South Africa and the Transvaal War, Vol. 8 (of 8) South Africa and Its Future

Part 5

Chapter 53,988 wordsPublic domain

The next requisite of State action is the promotion, by legislation and administration, of the development of the present and future goldfields, and other mineral fields, in such manner as may tend to further the general ends of the Imperial policy as already described. The taxation of the mines should be so adjusted as to favour British immigration and the creation of a prosperous and loyal British community. The development of new fields should be encouraged; adequate sums should be raised for public objects; the minerals, expressly declared to be property of the State, should be primarily regarded as a fund for State purposes, not one for the creation of millionaires or the undue enriching of shareholders in Hamburg or Paris or Vienna. The welfare of the mass of British residents in the towns engaged in trade should be considered in legislation affecting the gold mines.

In view of the presence of an overwhelming majority of the subject Kaffir race, all Europeans should be trained to arms, on the model of the laws already in existence in the two new Colonies. From an Imperial, as distinguished from a European standpoint, this measure is equally necessary. The Boers are born soldiers: a nation in arms. No reliance on a professional army or professional police can afford any assurance of stability for the Imperial rule. The Boers would regard such a régime as merely one of transitory military domination.

An efficient system of education, from primary school to university, should be organised and carried out. In the new Colonies great progress has already been made in this direction, and a recently published address by Mr. W. Sargent, the Director of Education, shows that the principles to be kept in mind are clearly apprehended.

A sane and consistent policy with regard to the status of the Kaffir and other non-European people should be adopted and adhered to. The Boer position, that the Kaffir is not in justice entitled to equality, social or political, with Europeans, should be upheld, as that plainly sanctioned by European experience of two centuries and a half.

Efficiency should be insisted on as the test for appointment in the public service. Salaries on an adequate scale should be given, bearing in mind the standard of payment usually obtaining in gold-bearing districts. The obstacles in the way of making efficiency the test of appointment should be clearly understood, and as far as possible guarded against; the persistence of Young Afrikander Separatist ideals, and the readiness of the propagandists to accept office under the Imperial Government; the danger of undue weight being given to the influence of the great capitalists; the equal danger of the intrigue, favouritism, and nepotism of London society--of which so much was heard at the late Committee of Inquiry into the training of army officers--being brought to bear on appointments to office in the new Colonies.

The language question--that of the degree of recognition necessary or expedient of the Dutch language in the courts and public offices--is so important that it is better to consider it separately.

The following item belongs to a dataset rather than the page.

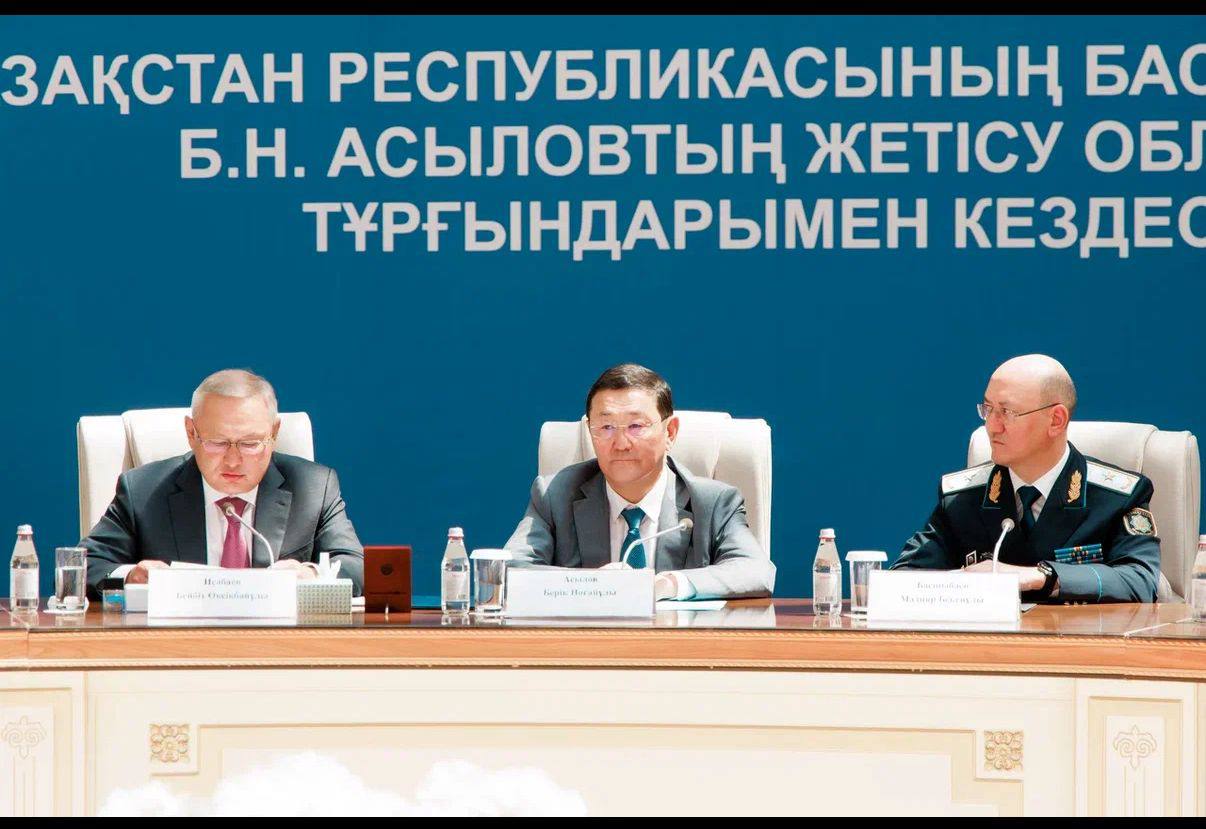 Б.Асылов Жетісуда заңсыз алынған активтерді қайтару бойынша Бас прокуратураның жұмысы аясында мемлекетке қайтарылған қаражатқа маңызды әлеуметтік жобалар жүзеге асырылып жатқанын атап өтті — ауылдық жерлерде 22 нысан, оның ішінде мектептер, медициналық мекемелер мен сумен жабдықтау жүйелері салынуда.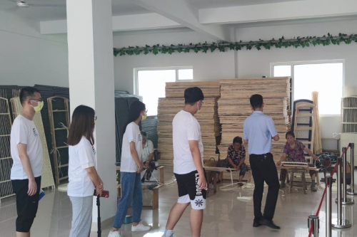 接下来,工作人员带领团队成员继续走访几家草编加工作坊。团队成员和当地社区居民交谈得知,在社区党总支的牵线搭桥下,这个项目得到了其他村的认可和支持。很快,由11个村“众筹”的草编工艺品加工专业合作社挂牌成立。草编合作社的社员也已经从刚开始的只有10多人发展到了如今的30余人,每个月的屏风出货量也从最初的仅仅2000片增长到如今的7000余片,单月盈利破2万余元。在了解工作坊的成立后,实践团队长李文迪感叹道:“从过去黄河滩里的“穷窝窝”,到如今幸福河畔的“美家园”,杨庙社区的变化翻天覆地!”从无到有、由弱变强,快速成长的背后,是草编合作社打破传统运作模式,使其日益成为社员持续增收和集体经济积累的有效途径。“要发挥好基层党组织战斗堡垒作用,努力把社区建设成为人民群众的幸福家园。”习近平总书记曾强调过。

VI.--THE LANGUAGE QUESTION

The question of the degree of recognition of the Dutch language in the new Colonies to be accorded by the new administration is one of the most difficult, and at the same time one of the most urgent and altogether inevitable, presented by the altered situation, the result of the late war. It is one of the cases where not to decide is to decide. Let us endeavour to understand the conditions of the problem, bearing steadily in mind the objects to be aimed at by the Imperial policy.

No responsible statesman in the United Kingdom or in the Colonies can desire to take any step other than conciliatory to Boer sentiment, provided the main object of creating a united and prosperous European community is obtained. Anything like a persecution of the Boer tongue or traditions would not only be unjust, but most unwise. At the same time, Imperial statesmen must remember that British-descended citizens of the Empire in South Africa hold that their sentiment and their opinion is not to be taken as a matter to be ignored. Now, Imperialist sentiment in South Africa is united as to the desirability of having only one official language, and of doing away with the dual language system introduced in Cape Colony twenty years ago.

Limiting any action of the Imperial Government, must necessarily be the conditions as to the recognition of Dutch agreed upon with the Boer generals as one of the terms of peace. These conditions were that the Dutch language is to be taught in the schools, in cases where the parents of the children desire it; and in the courts of law in cases where, in the opinion of the court, the ends of justice will be furthered by its use. The wish of the parents and the discretion of the law-courts are, therefore, to be arbiters. The peace terms, in this matter, seem wholly reasonable; but the main question of a dual language remains unaffected.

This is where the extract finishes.